- [What to work on]: Wherever a picture appears, skip it and retype the rest of the data exactly.

BEGIN Supplied data

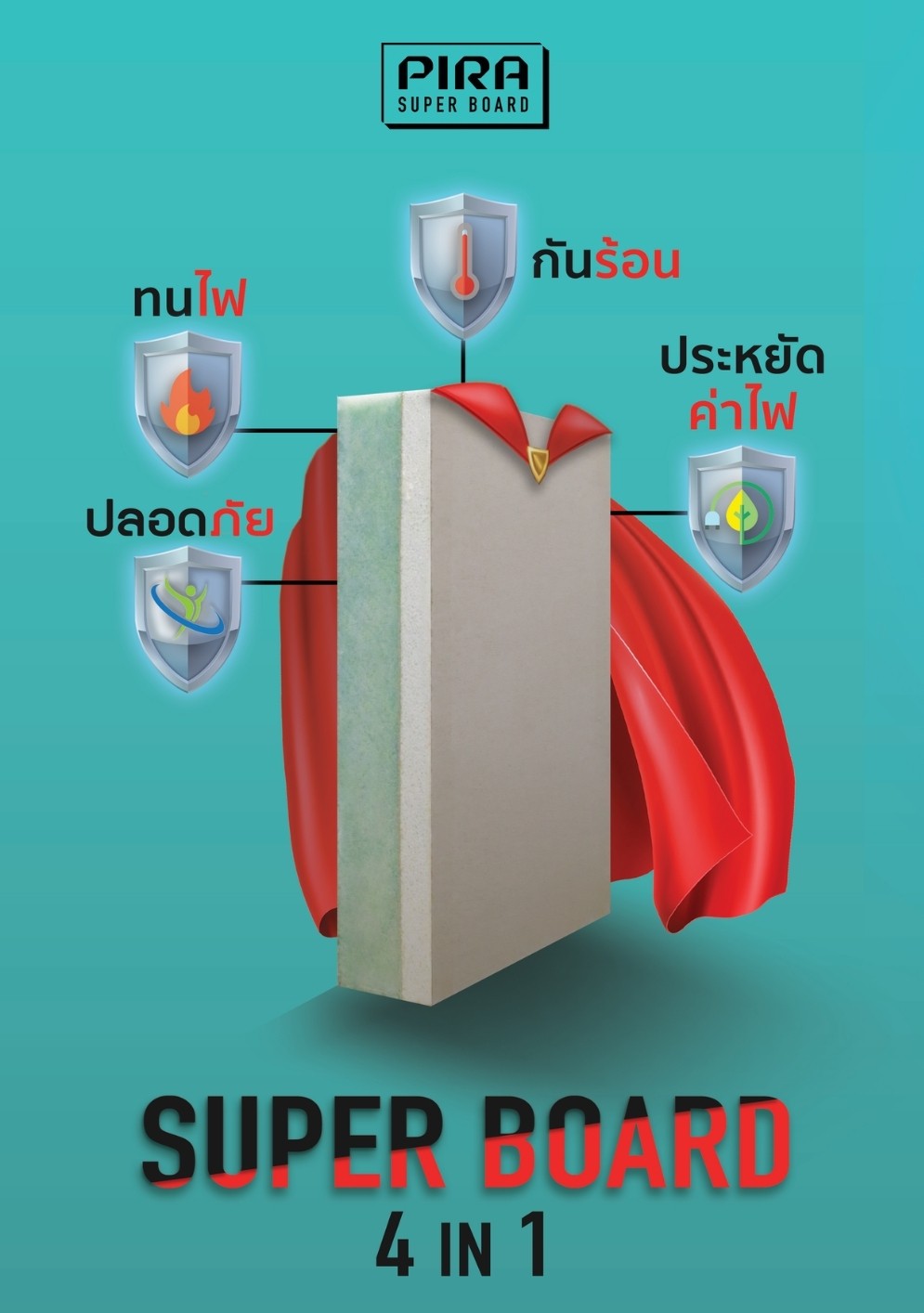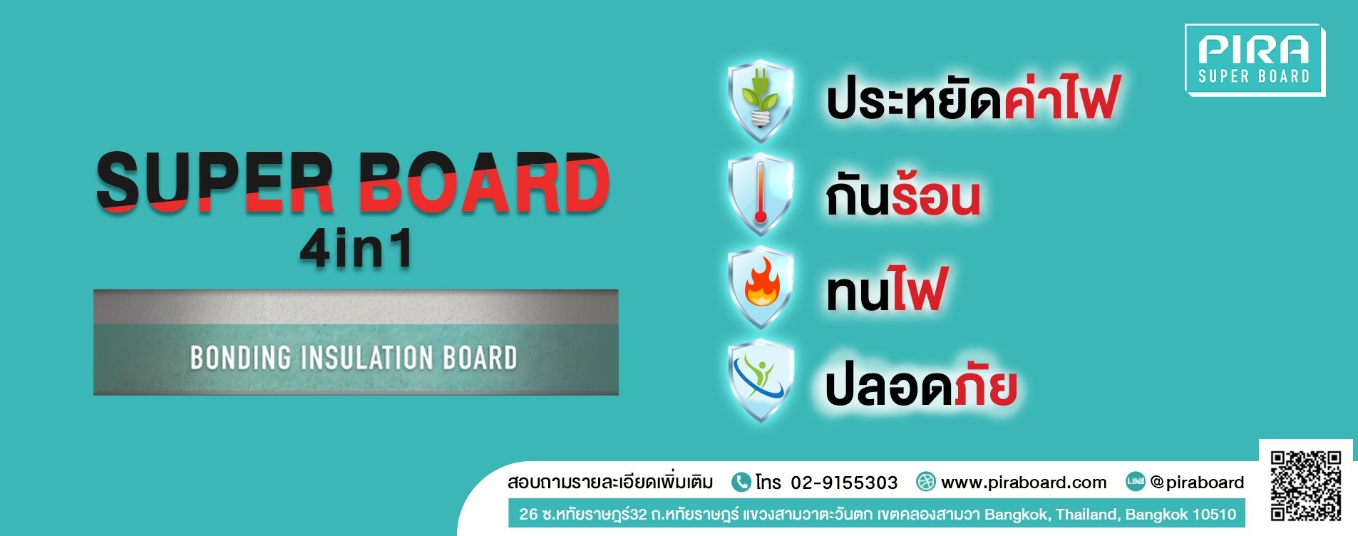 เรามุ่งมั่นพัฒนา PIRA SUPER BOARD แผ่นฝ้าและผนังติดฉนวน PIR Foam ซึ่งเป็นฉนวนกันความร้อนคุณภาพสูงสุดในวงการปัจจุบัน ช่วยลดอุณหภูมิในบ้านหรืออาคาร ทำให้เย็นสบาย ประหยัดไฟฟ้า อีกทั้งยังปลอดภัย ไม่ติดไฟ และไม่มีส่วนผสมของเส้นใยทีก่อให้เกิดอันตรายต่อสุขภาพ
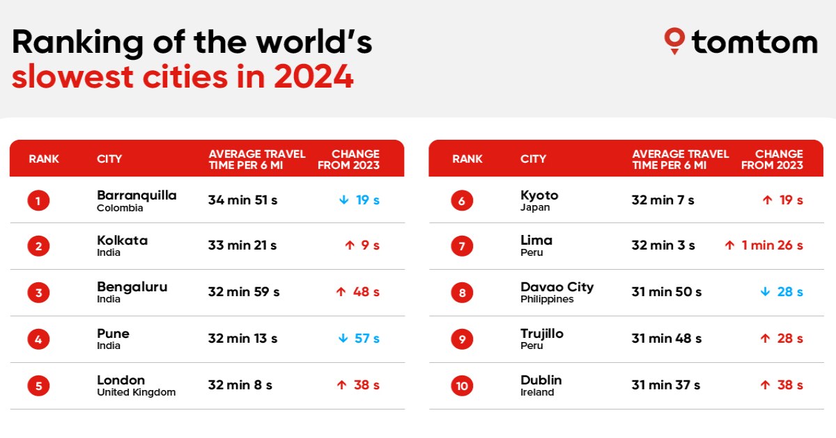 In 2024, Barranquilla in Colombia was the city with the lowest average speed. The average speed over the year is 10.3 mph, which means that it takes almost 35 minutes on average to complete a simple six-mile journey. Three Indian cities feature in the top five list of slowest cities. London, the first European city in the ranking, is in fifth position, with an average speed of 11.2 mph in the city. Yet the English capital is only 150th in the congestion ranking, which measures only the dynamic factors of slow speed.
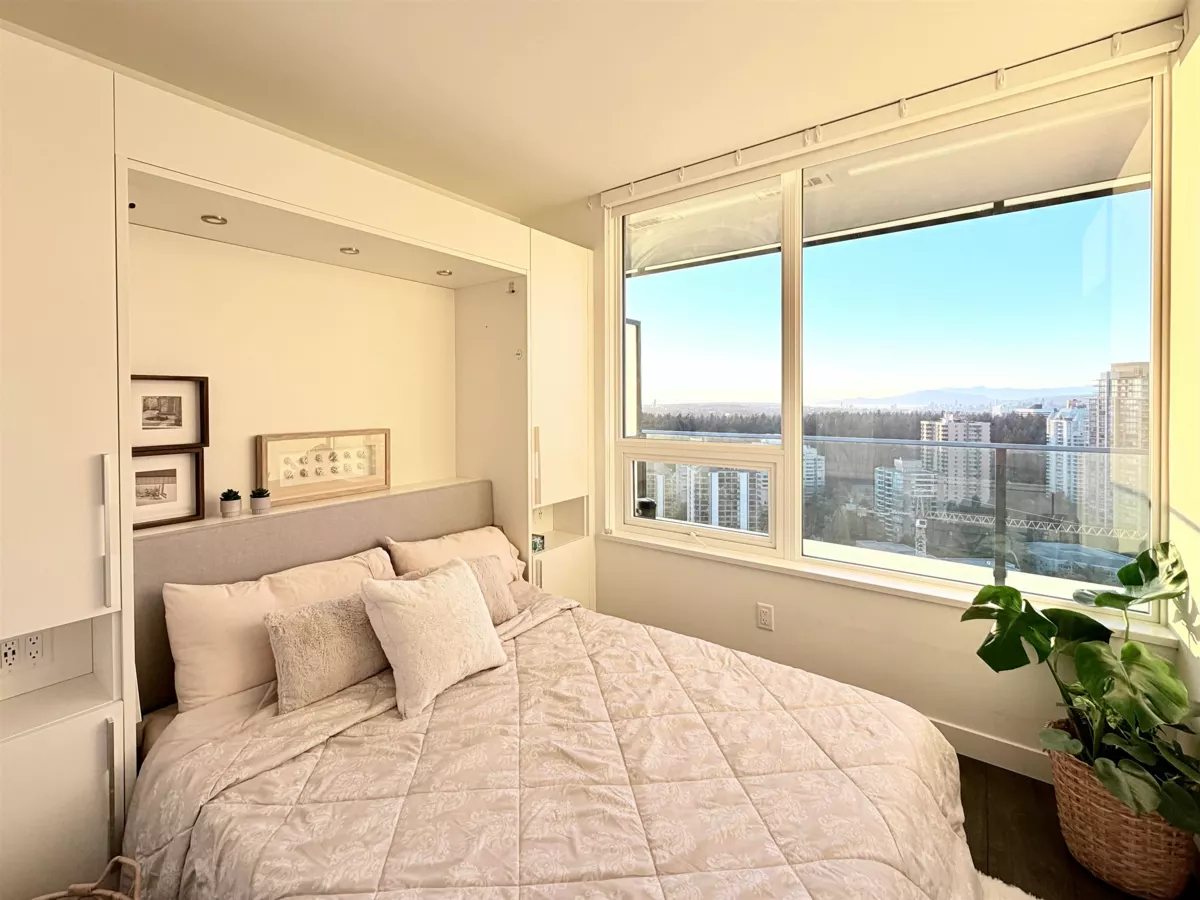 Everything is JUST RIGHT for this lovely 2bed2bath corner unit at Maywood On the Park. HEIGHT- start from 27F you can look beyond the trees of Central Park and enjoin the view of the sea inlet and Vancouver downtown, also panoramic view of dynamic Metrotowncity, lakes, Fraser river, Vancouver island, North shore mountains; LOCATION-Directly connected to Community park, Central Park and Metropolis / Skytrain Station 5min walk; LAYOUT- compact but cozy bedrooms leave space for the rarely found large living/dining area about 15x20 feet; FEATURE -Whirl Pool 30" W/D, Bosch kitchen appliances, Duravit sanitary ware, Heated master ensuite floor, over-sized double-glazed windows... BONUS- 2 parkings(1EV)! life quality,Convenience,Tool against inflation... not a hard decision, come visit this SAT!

END Supplied data

- [Written reply]:
 เรามุ่งมั่นพัฒนา PIRA SUPER BOARD แผ่นฝ้าและผนังติดฉนวน PIR Foam ซึ่งเป็นฉนวนกันความร้อนคุณภาพสูงสุดในวงการปัจจุบัน ช่วยลดอุณหภูมิในบ้านหรืออาคาร ทำให้เย็นสบาย ประหยัดไฟฟ้า อีกทั้งยังปลอดภัย ไม่ติดไฟ และไม่มีส่วนผสมของเส้นใยทีก่อให้เกิดอันตรายต่อสุขภาพ
 In 2024, Barranquilla in Colombia was the city with the lowest average speed. The average speed over the year is 10.3 mph, which means that it takes almost 35 minutes on average to complete a simple six-mile journey. Three Indian cities feature in the top five list of slowest cities. London, the first European city in the ranking, is in fifth position, with an average speed of 11.2 mph in the city. Yet the English capital is only 150th in the congestion ranking, which measures only the dynamic factors of slow speed.
 Everything is JUST RIGHT for this lovely 2bed2bath corner unit at Maywood On the Park. HEIGHT- start from 27F you can look beyond the trees of Central Park and enjoin the view of the sea inlet and Vancouver downtown, also panoramic view of dynamic Metrotowncity, lakes, Fraser river, Vancouver island, North shore mountains; LOCATION-Directly connected to Community park, Central Park and Metropolis / Skytrain Station 5min walk; LAYOUT- compact but cozy bedrooms leave space for the rarely found large living/dining area about 15x20 feet; FEATURE -Whirl Pool 30" W/D, Bosch kitchen appliances, Duravit sanitary ware, Heated master ensuite floor, over-sized double-glazed windows... BONUS- 2 parkings(1EV)! life quality,Convenience,Tool against inflation... not a hard decision, come visit this SAT!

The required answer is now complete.